- **Given data**:
———
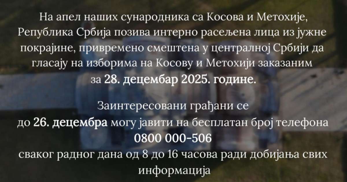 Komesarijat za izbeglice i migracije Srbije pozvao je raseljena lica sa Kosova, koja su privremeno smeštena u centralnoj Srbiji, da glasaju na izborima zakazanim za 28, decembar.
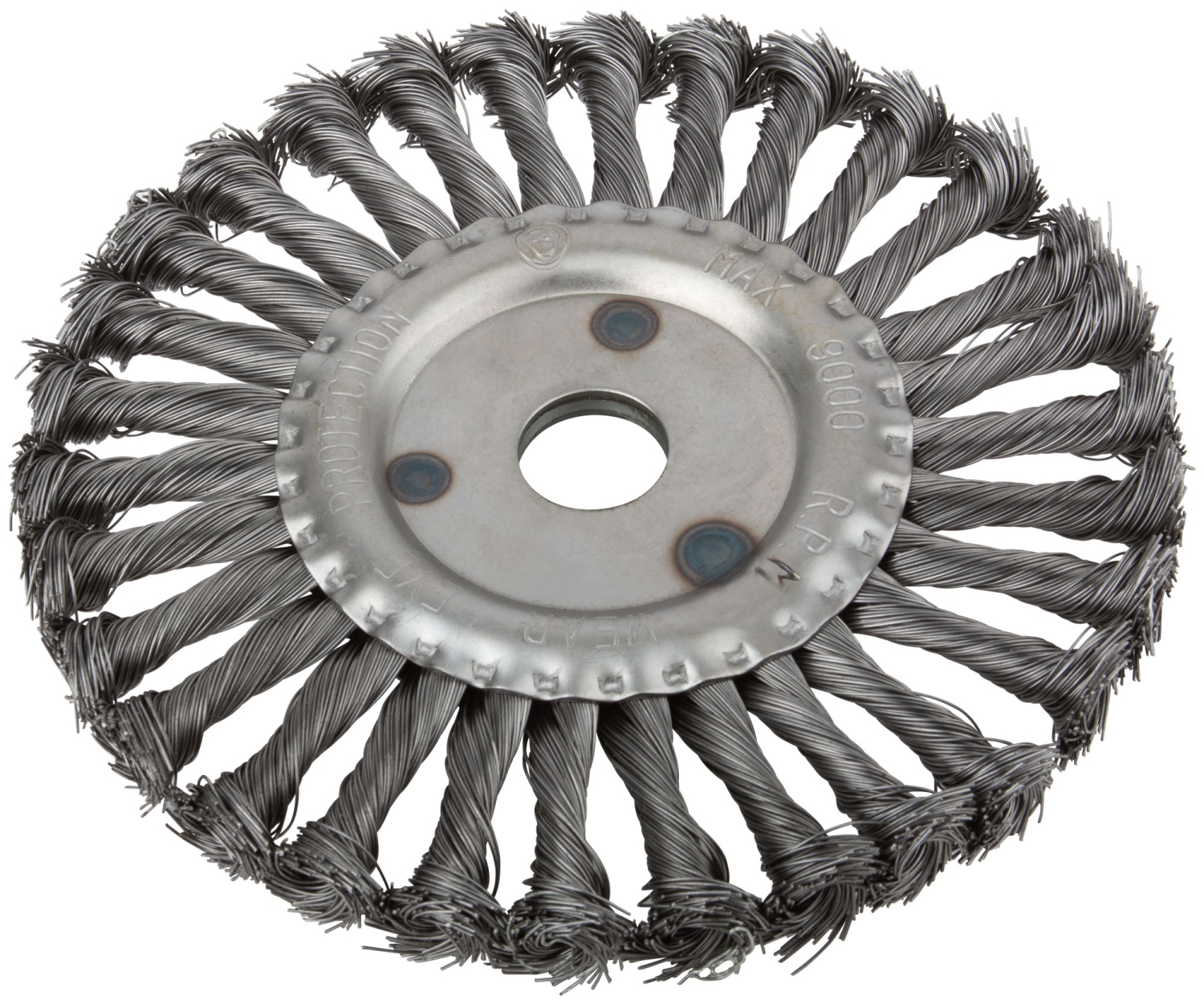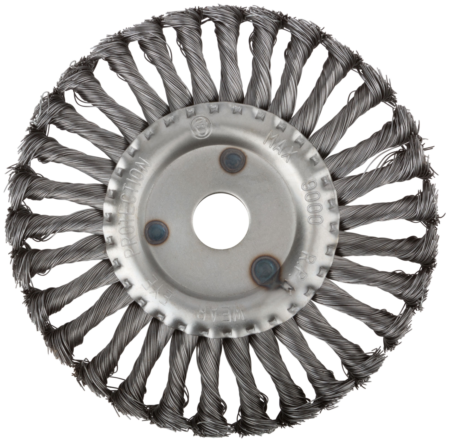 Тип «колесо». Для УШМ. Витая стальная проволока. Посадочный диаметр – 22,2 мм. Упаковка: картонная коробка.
———
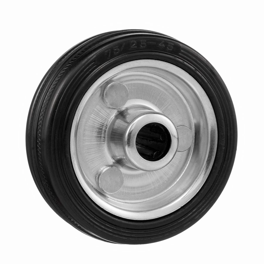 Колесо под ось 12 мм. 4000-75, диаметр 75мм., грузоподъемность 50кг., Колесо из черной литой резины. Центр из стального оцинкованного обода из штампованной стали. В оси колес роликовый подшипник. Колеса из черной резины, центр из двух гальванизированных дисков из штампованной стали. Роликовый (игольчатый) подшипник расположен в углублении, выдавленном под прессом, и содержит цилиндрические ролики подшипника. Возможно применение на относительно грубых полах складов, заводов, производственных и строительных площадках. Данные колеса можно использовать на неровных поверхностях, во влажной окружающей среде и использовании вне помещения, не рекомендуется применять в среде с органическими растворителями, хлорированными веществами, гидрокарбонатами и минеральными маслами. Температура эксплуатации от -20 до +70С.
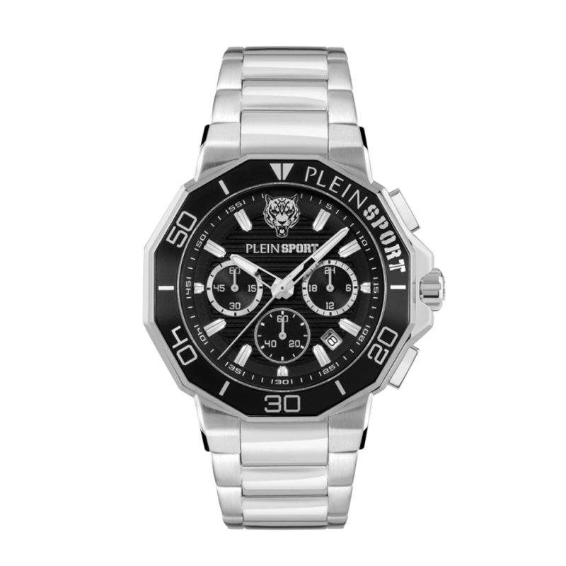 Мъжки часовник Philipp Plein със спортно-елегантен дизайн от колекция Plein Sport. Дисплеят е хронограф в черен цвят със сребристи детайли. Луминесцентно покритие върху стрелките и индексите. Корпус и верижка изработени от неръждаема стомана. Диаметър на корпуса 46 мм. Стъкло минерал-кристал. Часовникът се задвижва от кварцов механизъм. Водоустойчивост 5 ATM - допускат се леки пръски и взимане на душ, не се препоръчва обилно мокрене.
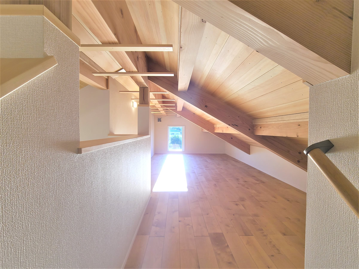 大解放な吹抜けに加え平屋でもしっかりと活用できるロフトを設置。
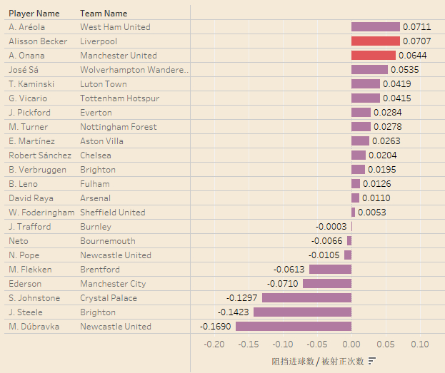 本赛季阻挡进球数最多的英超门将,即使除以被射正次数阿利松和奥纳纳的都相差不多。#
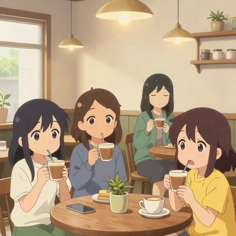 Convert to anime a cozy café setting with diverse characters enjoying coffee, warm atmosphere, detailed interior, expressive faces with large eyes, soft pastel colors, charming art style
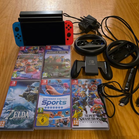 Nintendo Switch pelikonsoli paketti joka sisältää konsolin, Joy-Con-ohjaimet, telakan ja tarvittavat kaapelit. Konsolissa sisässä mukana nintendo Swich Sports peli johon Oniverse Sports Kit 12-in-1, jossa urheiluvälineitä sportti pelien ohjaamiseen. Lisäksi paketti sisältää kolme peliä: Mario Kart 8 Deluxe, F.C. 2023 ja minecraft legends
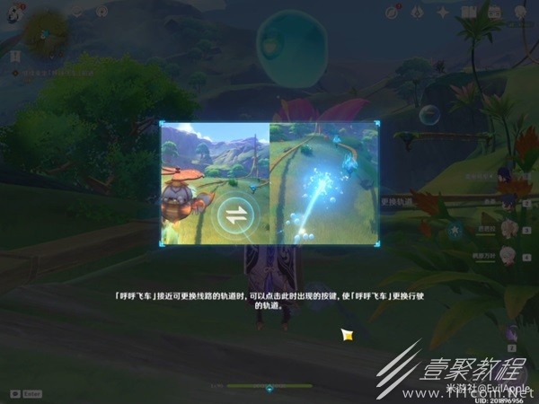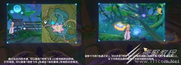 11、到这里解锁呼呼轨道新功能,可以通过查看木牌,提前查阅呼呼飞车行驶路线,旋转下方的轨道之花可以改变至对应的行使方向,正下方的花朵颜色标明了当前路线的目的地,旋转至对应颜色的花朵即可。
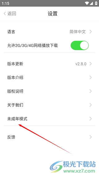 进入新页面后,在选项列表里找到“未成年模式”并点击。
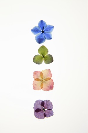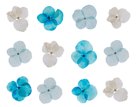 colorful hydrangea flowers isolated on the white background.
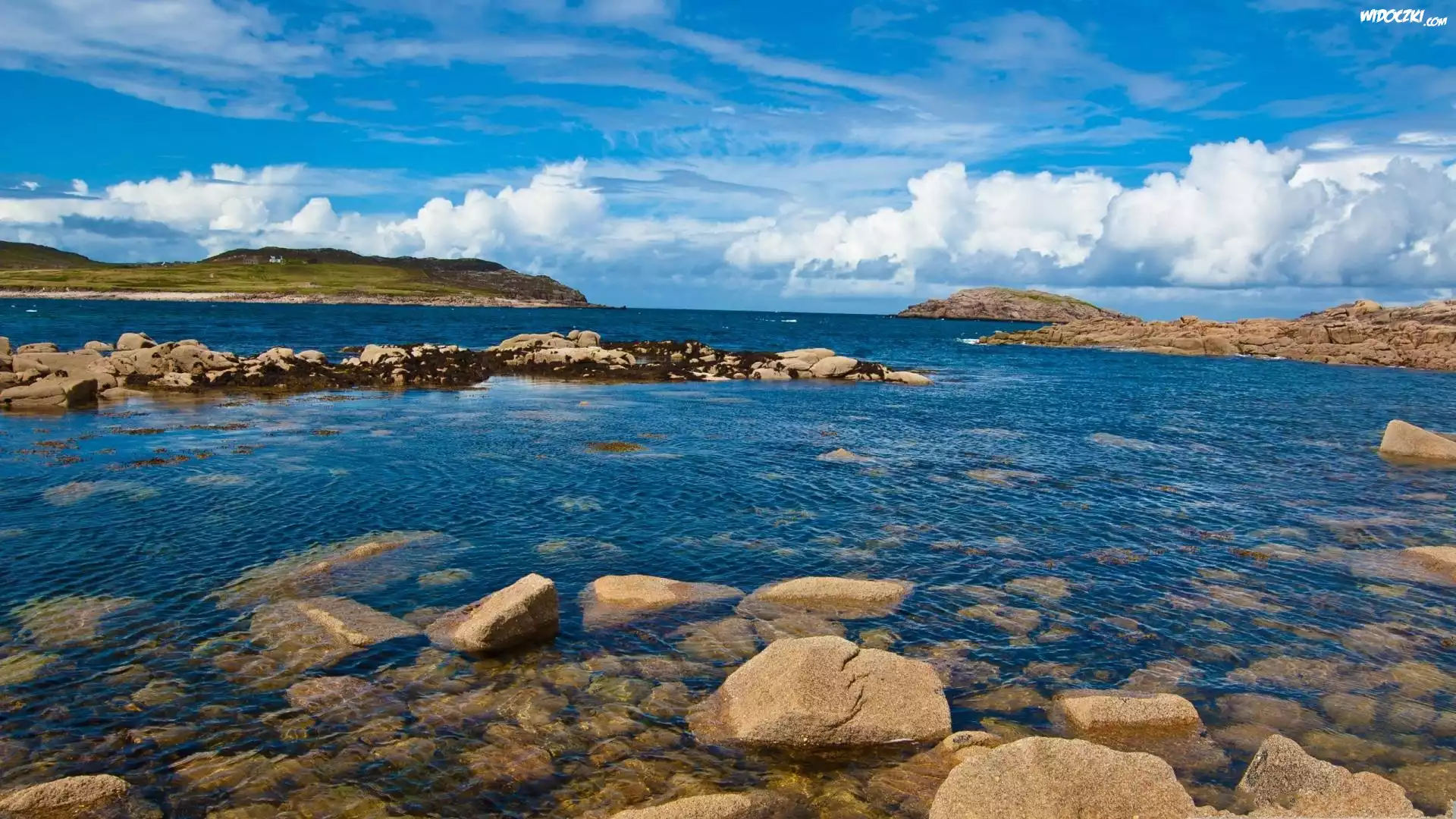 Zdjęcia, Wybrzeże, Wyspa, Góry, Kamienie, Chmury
———
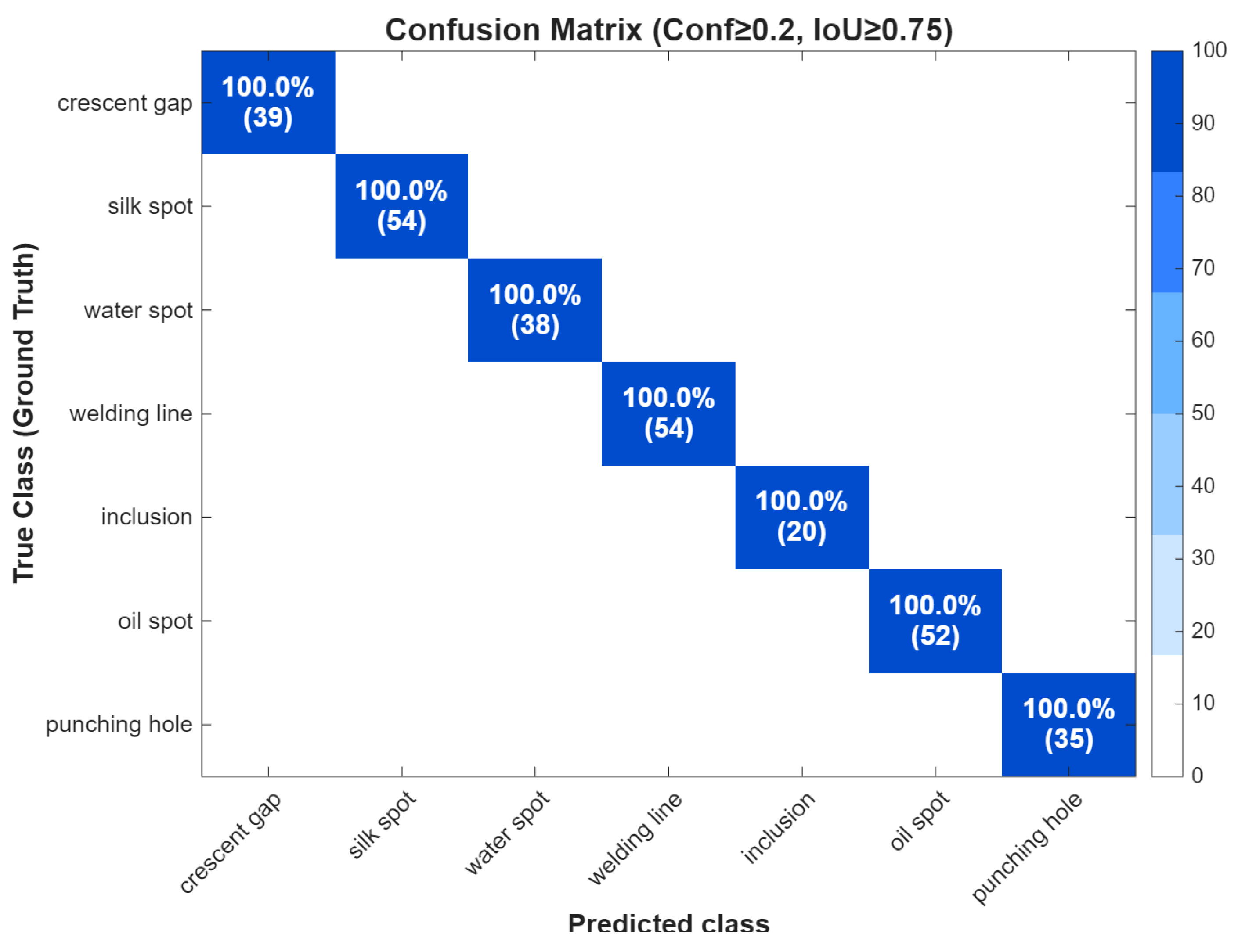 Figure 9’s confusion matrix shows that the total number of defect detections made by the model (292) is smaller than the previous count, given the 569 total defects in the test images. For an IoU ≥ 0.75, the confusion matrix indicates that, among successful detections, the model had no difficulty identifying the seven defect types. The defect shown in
———
- **Directions**: Go to the line above that has "本赛季阻挡进球数最多的英超门" and copy exactly from there down to the line that has "Convert to anime", both included. Leave the pictures out.

- **Written response**:
 本赛季阻挡进球数最多的英超门将,即使除以被射正次数阿利松和奥纳纳的都相差不多。#
 Convert to anime a cozy café setting with diverse characters enjoying coffee, warm atmosphere, detailed interior, expressive faces with large eyes, soft pastel colors, charming art style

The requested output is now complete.